Table 1 Characteristics of the eyes included in this study at the first visit.

Performance for detecting glaucoma

The performance of each parameter for discriminating between the perimetric glaucoma, all glaucoma eyes and glaucoma eyes with MD ≥ − 6 dB from normal eyes was evaluated, and the results are shown in Table 2. For perimetric glaucoma, the performance of an estimated retinal ganglion cell (eRGC) count and a simplified combined structure–function index (sCSFI; area under the receiver operating characteristic curve [AUC] = 0.94 and 0.95 respectively) measure (with the methods for their calculations described in the Methods section) were both superior compared to average RNFL thickness (AUC = 0.90; P < 0.001) from OCT imaging and mean deviation (MD) from SAP testing (AUC = 0.90; P ≤ 0.011). When compared with each other, the performance of the sCSFI for discriminating between healthy and glaucoma eyes was superior compared to the eRGC parameter (P = 0.001). Similar findings of a better performance of the eRGC count and sCSFI parameters for discriminating all glaucoma eyes and early glaucoma eyes (MD ≥ − 6 dB) from healthy eyes compared to average RNFL thickness and MD were observed (P ≤ 0.007). The sCSFI also similarly performed better than the eRGC parameter for discriminating all glaucoma eyes and early glaucoma eyes (P ≤ 0.009).

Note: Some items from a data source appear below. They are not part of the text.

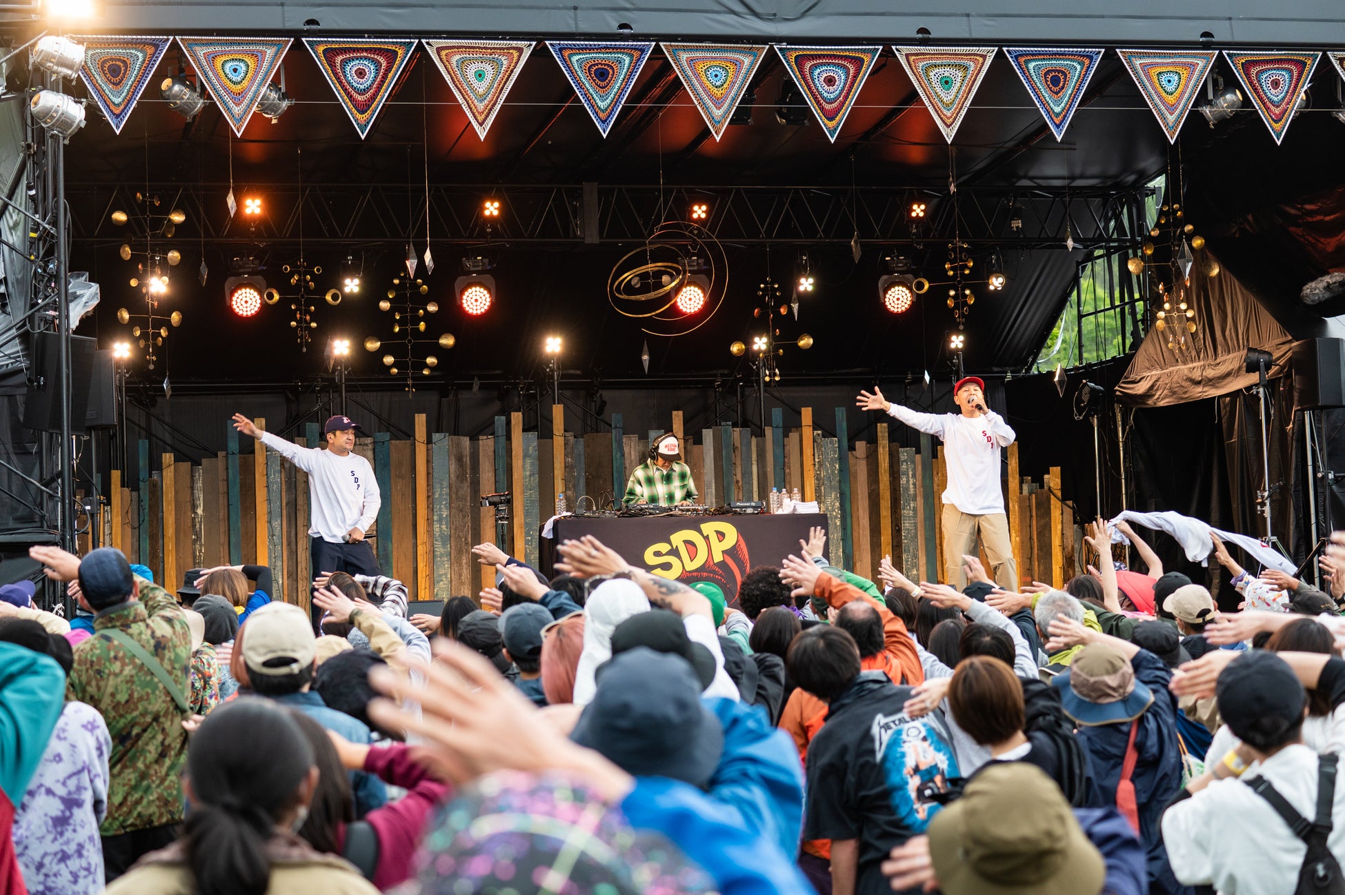 2日目は奥田民生、踊ってばかりの国、GEZAN、スチャダラパー、AJATE、角銅真実、ハンバート ハンバート、んoon、INOYAMALAND、DJ KENSEI、どんぐりず、Hana Hope、YOSI HORIKAWA、Ramzaの計14組が出演。真っ赤な衣装がトレードマークのGEZANは、OLAibiを招いたツインドラムで終始会場を轟音と熱狂の渦へと巻き込んだ。「辞めずに懲りずにやってたら32年やってました!」と笑い飛ばすスチャダラパーは、心のベストテン第一位の「今夜はブギーバック」をはじめフェス定番曲を網羅し、親子で楽しむ光景も見られた。どんぐりずは中毒性のあるトラックメイクで子供も一緒に踊って盛り上がり、Stone stageが入場制限となる賑わいだった。大トリの奥田民生の出番になる頃から突然雨が降り出し、「マシマロ」を”富士山もないけど気にしない!”と歌いながらスタート。雨が激しくなる一方で、雨ニモ負ケズ集まった多くの観客の声援を受けながら、ユニコーンの「ロックンロールのバラード」や「イージュー★ライダー」「さすらい」などの名曲を次々と熱唱した。最後は鳴り止まない拍手に応え、「ありがとう、また来ますので!」と告げ、アンコールに「風は西から」を歌い幕を閉じた。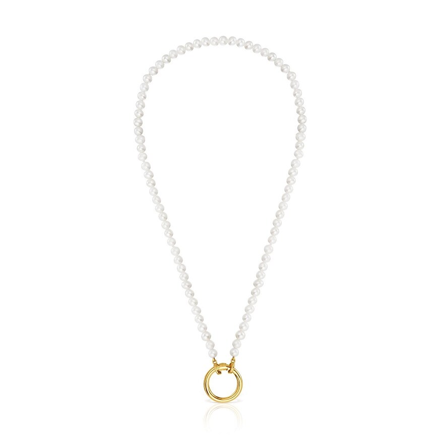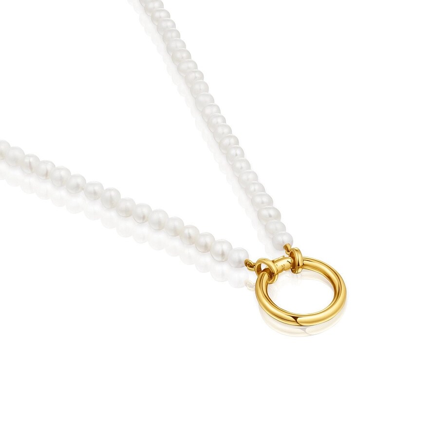 Колье TOUS Hold из серебра 925 пробы с покрытием Vermeil и культивированными пресноводными жемчужинами. Длина колье: 43 см. Размер кольца: 20 мм. Застежка кольца TOUS Hold.
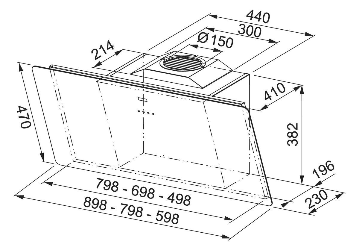 Komínový odsavač par Smart. Provedení černé sklo, RAL 9017. Energetická třída A+. Senzorové ovládání. Štěrbinové odsávání. 3 Stupně výkonu. Intenzivní stupeň. Doběh. Pozor! Pro verzi s vnějším odtahem je nutno objednat teleskopický komínek.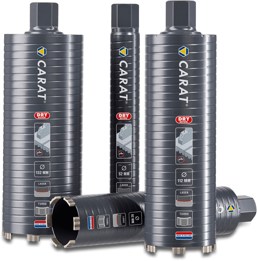 Met Carat DRY boren, boort u in combinatie met diamantboormachines met soft-slagfunctie en stofafzuiging eenvoudig droog in kanaalplaten en gewapend beton.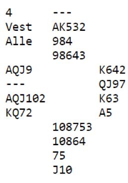 Her er et skreddersydd eksempel hvor det var fantastisk å spille med 4-4 tilpasning i spar (åtte trumf) som trumf i stedet for 6-3 tilpasning i hjerter (ni trumf)! Det var dog fantastisk kun i teorien, for slik det satt i det spillet fra NM Monrad Lag spilte det i praksis ingen rolle hvilken trumffarge man valgte.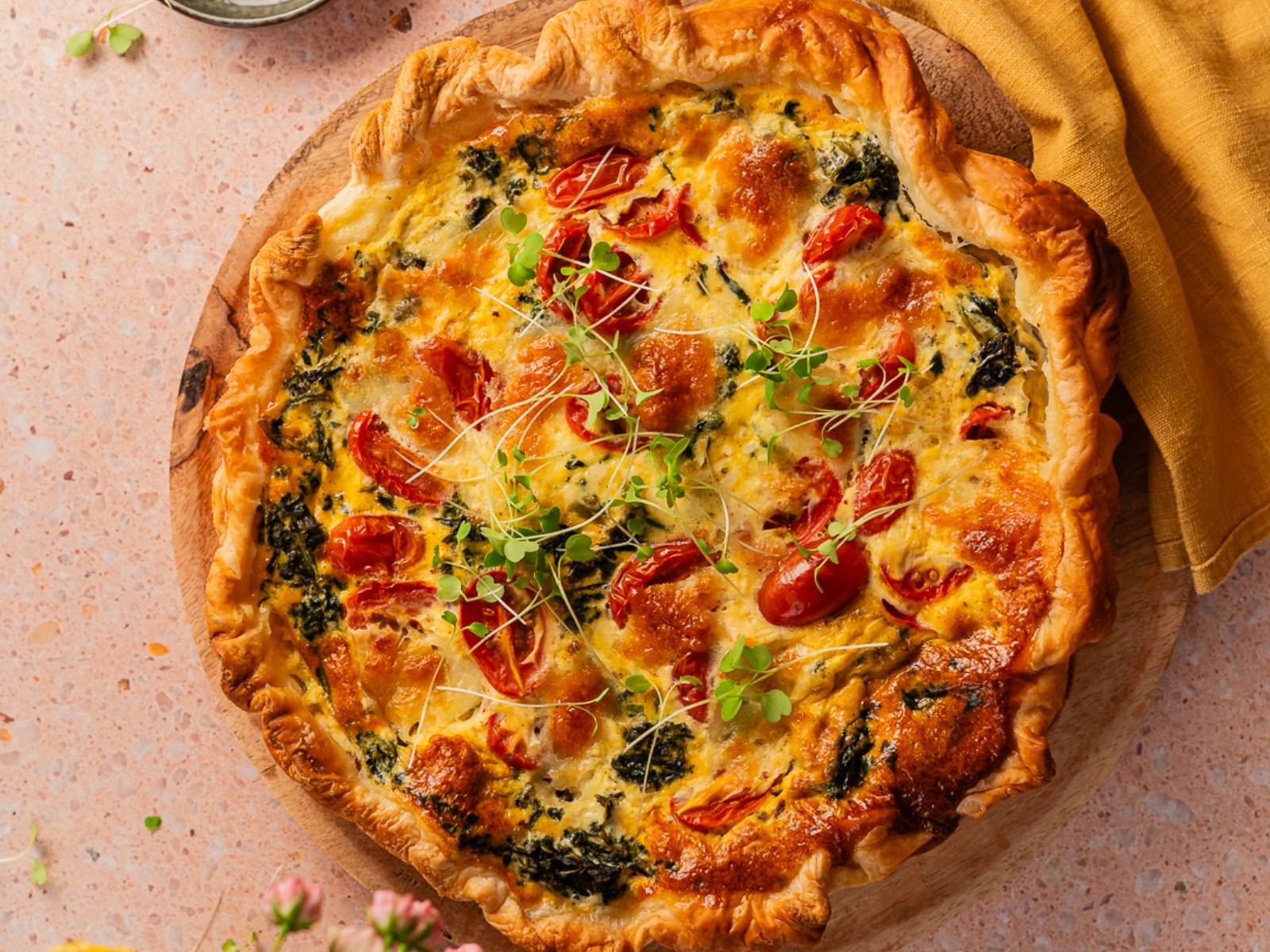 Quiche de Mozaarella, Espinafres e Tomate

Table 2 Areas under the receiver operating characteristic curves (AUC) and sensitivity at 95% and 80% specificity for the parameters evaluated in this study.

Magnitude of measured abnormality (deviation from normal)

The Z-scores (number of standard deviations away from normal) of the sCSFI and eRGC count of all the glaucoma eyes were determined using age-adjusted values of the normal eyes, and these are plotted in Fig. 1A. The difference between the Z-scores between the sCSFI and eRGC were then compared across visual field MD bins as shown in Fig. 1B, demonstrating that the sCSFI detected a significantly greater extent of abnormality (or deviation from normal) for all bins (P < 0.001).

Figure 1
figure 1

(A) Scatterplot of the Z-scores (standard deviations [SD] away from the normal cohort) of the simplified combined structure–function index (sCSFI) against the estimated retinal ganglion cell (RGC) count for the eyes with glaucoma. (B) The difference in Z-scores between the sCSFI and estimated RGC count across visual field mean deviation bins (including at least 100 samples), illustrating how the sCSFI captures a significantly greater magnitude of abnormality (or deviation from normal) than the estimated RGC for all bins (P < 0.001).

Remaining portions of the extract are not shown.